当前位置: 首页 > backend >正文

Unit 3 训练一个Q-Learning智能体 Frozen-Lake-v1

Frozen-Lake-v1环境描述

“冰冻湖”(Frozen Lake)环境要求玩家从起点穿越到终点,过程中不能掉入任何洞中,只能通过在冰冻的湖面上行走来完成。由于冰冻湖面的湿滑特性,玩家可能并不总是能按照预想的方向移动。游戏开始时,玩家位于冰冻湖网格世界的起始位置 [0,0],而目标位置则位于世界的另一端,例如在 4x4 的环境中为 [3,3]。当使用预先设定的地图时,冰面上的洞会分布在固定的位置;而当生成随机地图时,洞则会随机分布在各个位置。玩家会不断移动,直到到达目标位置或掉入洞中为止。由于湖面湿滑(除非禁用此特性),玩家有时可能会朝着与预想方向垂直的方向移动(请参见 is_slippery 参数)。随机生成的世界中总会存在一条通往目标的路径。
在这里插入图片描述

动作空间(Action Space)

动作的形状为 (1,),其取值范围在 {0, 3} 之间,表示玩家移动的方向。

  • 0:向左移动
  • 1:向下移动
  • 2:向右移动
  • 3:向上移动
观测空间(Observation Space)

观测值是一个表示玩家当前位置的数值,计算方式为 current_row * ncols + current_col(其中行和列的编号均从 0 开始)。例如,在 4x4 的地图中,目标位置的观测值可以这样计算:3 * 4 + 3 = 15。可能的观测值数量取决于地图的大小。观测值以整数(int())形式返回。

起始状态(Starting State)

每个回合(episode)开始时,玩家处于状态 [0](即位置 [0, 0])。

奖励(Rewards)

奖励机制如下:

  • 到达目标:+1
  • 掉入洞中:0
  • 停留在冰冻湖面上(未到达目标也未掉入洞中):0
回合结束(Episode End)

当以下情况发生时,回合结束:

  • 终止条件(Termination):玩家掉入洞中。
  • 玩家到达目标位置,该位置为 max(nrow) * max(ncol) - 1(即位置 [max(nrow)-1, max(ncol)-1])。
  • 截断条件(Truncation,当使用 time_limit 包装器时):
    • 对于 4x4 的环境,回合长度为 100。
    • 对于 FrozenLake8x8-v1 环境,回合长度为 200。
信息(Information)

step()reset() 函数返回一个包含以下键的字典:

  • p - 状态的转移概率。
  • 有关转移概率的详细信息,请参见 is_slippery 参数的说明。
参数 (Arguments)
import gymnasium as gym
gym.make('FrozenLake-v1', desc=None, map_name="4x4", is_slippery=True)
  • “S” for Start tile
  • “G” for Goal tile
  • “F” for frozen tile
  • “H” for a tile with a hole

随机地图生成:

from gymnasium.envs.toy_text.frozen_lake import generate_random_map
gym.make('FrozenLake-v1', desc=generate_random_map(size=8))

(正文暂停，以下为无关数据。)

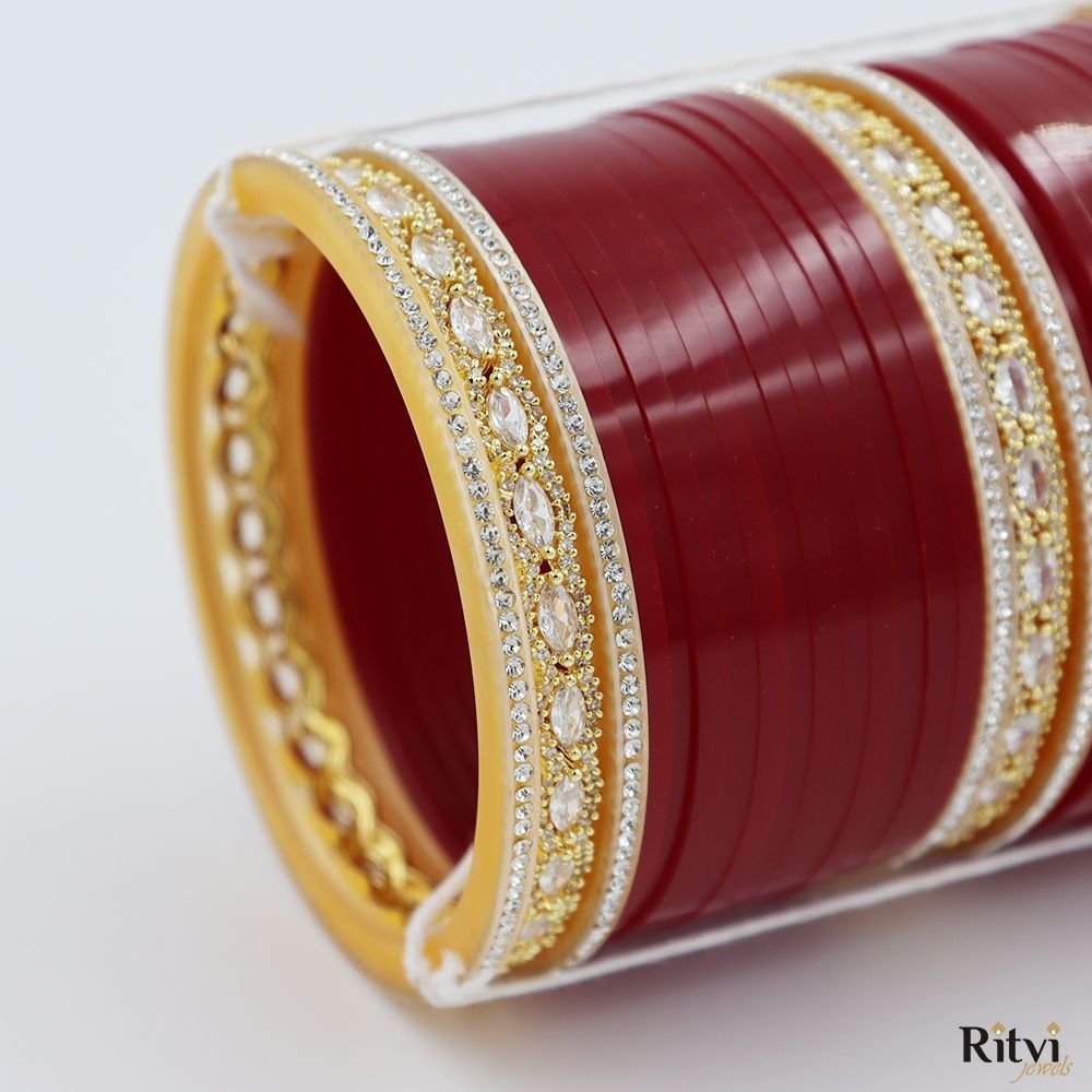 Beautify your hands with our Bridal Chura, designed with the most care and perfection to radiate royalty, elegance and tradition altogether. Each of our bangle is manually rounded and shaped from inside to provide utmost comfort to give you a rich velvety feel. Ritvi Jewels serves to always provide quality products.

is_slippery=True:如果设置为 True,玩家将以 1/3 的概率按照预想的方向移动,否则将以相等的概率(即每个垂直方向各 1/3 的概率)朝着与预想方向垂直的其中一个方向移动。

Frozen Lake ⛄ (non slippery version)

训练Q-Learning智能体,使其仅在冰冻的格子(F)上行走,避开洞穴(H),从而从起始状态(S)导航到目标状态(G)。

有两种尺寸的环境:

  • map_name=“4x4”:4x4 的网格版本
  • map_name=“8x8”:8x8 的网格版本

该环境有两种模式:

  • is_slippery=False:由于冰冻湖面不滑,智能体总是会按照预想的方向移动(确定性环境)。
  • is_slippery=True:由于冰冻湖面湿滑,智能体可能并不总是会按照预想的方向移动(随机性环境)。

先从简单的 4x4 地图和不滑模式开始。我们添加了一个名为 render_mode = "rgb_array" 的参数,用于指定环境的可视化方式。“rgb_array”:返回一个表示环境当前状态的单帧图像。这个帧是一个形状为 (x, y, 3) 的 np.ndarray,代表一个 x 行 y 列像素图像的 RGB 值。

import os
import tqdm
import random   # To generate random numbers
import imageio  # To generate a replay video
import numpy as np
import gymnasium as gym
import pickle5 as pickle  # Save/Load model
from tqdm.notebook import tqdm
# 创建环境
env = gym.make("FrozenLake-v1", map_name="8x8", is_slippery=False, render_mode="rgb_array")
print("_____OBSERVATION SPACE_____ \n")
print("Observation Space", env.observation_space)
print("Sample observation", env.observation_space.sample())  # Get a random observation
_____OBSERVATION SPACE_____ Observation Space Discrete(64)
Sample observation 35
print("\n _____ACTION SPACE_____ \n")
print("Action Space Shape", env.action_space.n)
print("Action Space Sample", env.action_space.sample())  # Take a random action
 _____ACTION SPACE_____ Action Space Shape 4
Action Space Sample 1
创建并初始化Q-Table
state_space = env.observation_space.n
action_space = env.action_space.ndef initialize_q_table(state_space, action_space):Qtable = np.zeros((state_space, action_space))return QtableQtable_frozenlake = initialize_q_table(state_space, action_space)print("Q-Table :\n", Qtable_frozenlake)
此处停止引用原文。